Estimado, los amplificadores STK tienen la particularidad que al conectarse sin carga queman una resistencia a mi me paso lo mismo y en este foro se menciona, lo ideal es que lo conectes con carga, es decir con un parlante..
saludos


----------



## juliangp (May 5, 2012)

Hola, ya vi que hay un tema creado a partir de este amplificador, pero no encontre a base del 4221 ii  sino este numero solo, entonces cuando me baje el datasheet del II, lo que vi es que hay partes que no tienen nada soldado sino que estan vacias, nose si sera una placa mas bien universal  (osea para otros modulo stk) o si a esta le faltara algo en montaje superficial, abajo dejo la imagen de el pcb que consegui para el stk 4221II ( y ni siquiera se donde es la entrada de audio, la salida y la entrada de corriente)! saludos


----------



## Fogonazo (May 5, 2012)

Si no me equivoco en los lugares en blanco, patas 1 y 21 se colocaba una red RC para compensar la respuesta a frecuencia.


----------



## juliangp (May 5, 2012)

Ahh muchas gracias fogo, que vendria a ser eso?


----------



## Fogonazo (May 5, 2012)

juliangp dijo:


> Ahh muchas gracias fogo, que vendria a ser eso?
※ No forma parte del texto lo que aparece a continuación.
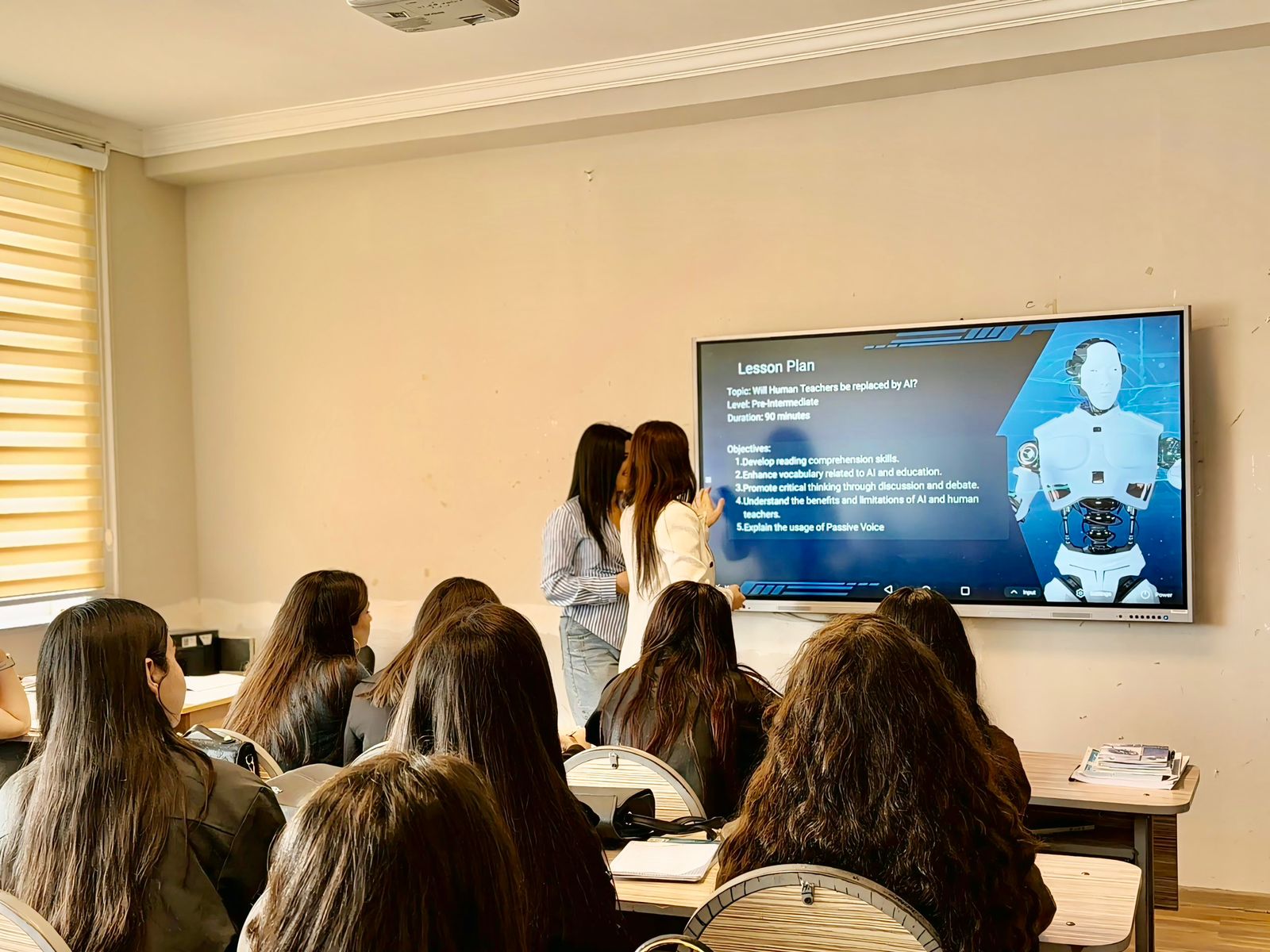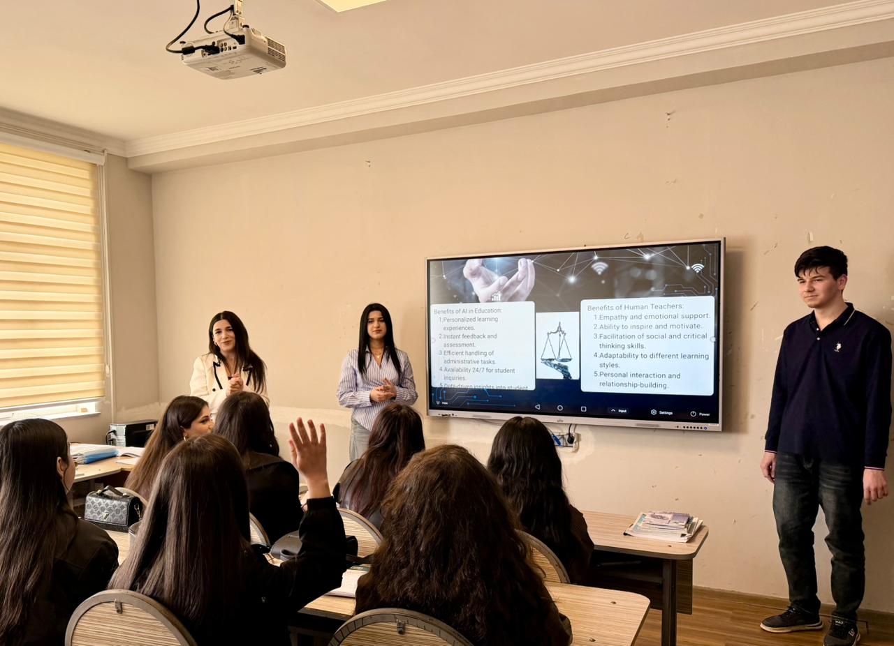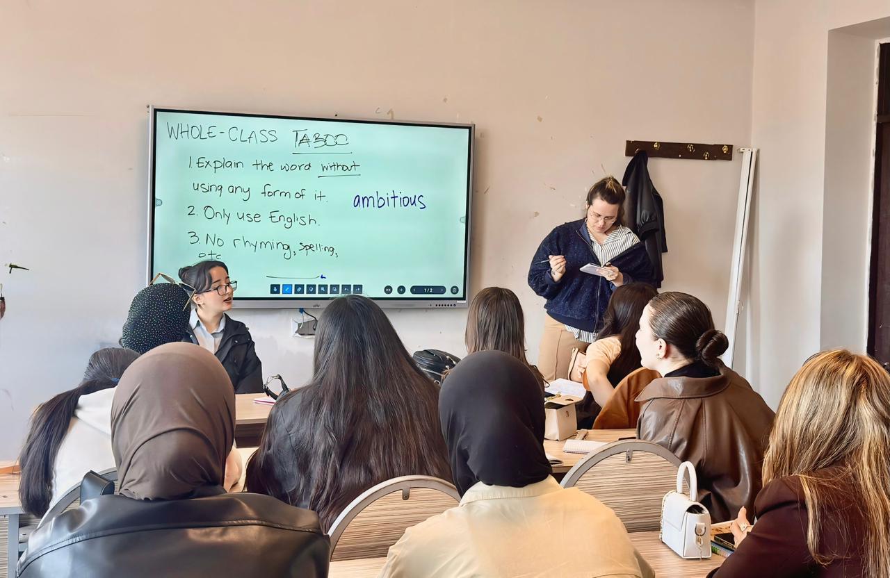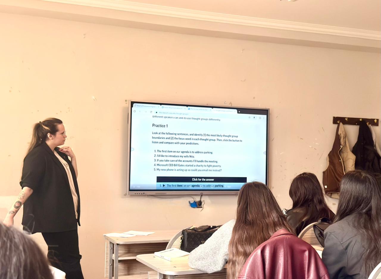 Sözügedən proqram çərçivəsində BAAU-nun Keyfiyyət təminatı sektorunun müdiri, eyni zamanda Filologiya fakültəsinin Tərcümə kafedrasının baş müəllimi Esmira Talıbova amerikalı müəllim xanım Jordan Brown ilə birlikdə yaz semestrinin əvvəlindən etibarən tələbələrə müasir və innovativ tədris modeli əsasında dərs keçir.

Siempre con la posibilidad de que mi memoria esté fallando, es una compensación de la curva de respuesta a la frecuencia para lograr que esta sea más plana, también ayuda a evitar posibles oscilaciones en alta frecuencia.


----------



## juliangp (May 5, 2012)

gracias fogo, ahora mismo me pongo a buscar que componentes lleva, saludos!!


----------



## SKYFALL (May 7, 2012)

yo tengo un equipo de sonido Philips, el AS785C que trae dentro un STK4221II, es de 80W por canal pero en el manual dice que alcanza a entregar 120W a una carga de 6 Ohm, suena muy bien y los bajos son tremendos.


----------



## tinchoball (Dic 2, 2013)

este es el circuito que querias utilizar? 






con estos pcb 






viendo que no se publica hace 6 meses, funciono el amplificador ?


----------



## marck272004 (Dic 13, 2013)

Hola, este es un muy buen amplificador, tengo un amigo argentino que hizo uno y quedo bastante feliz, pero ten cuidado con las pruebas, lei que lo probaste sin carga, y tengo entendido que los STK se queman al no tener carga, lo mejor que puedes hacer es ponerle un parlante aunque sea de poca potencia por canal para asi no correr el riesgo, yo hice uno hace años y funciono de maravillas, asi que mucha suerte..


----------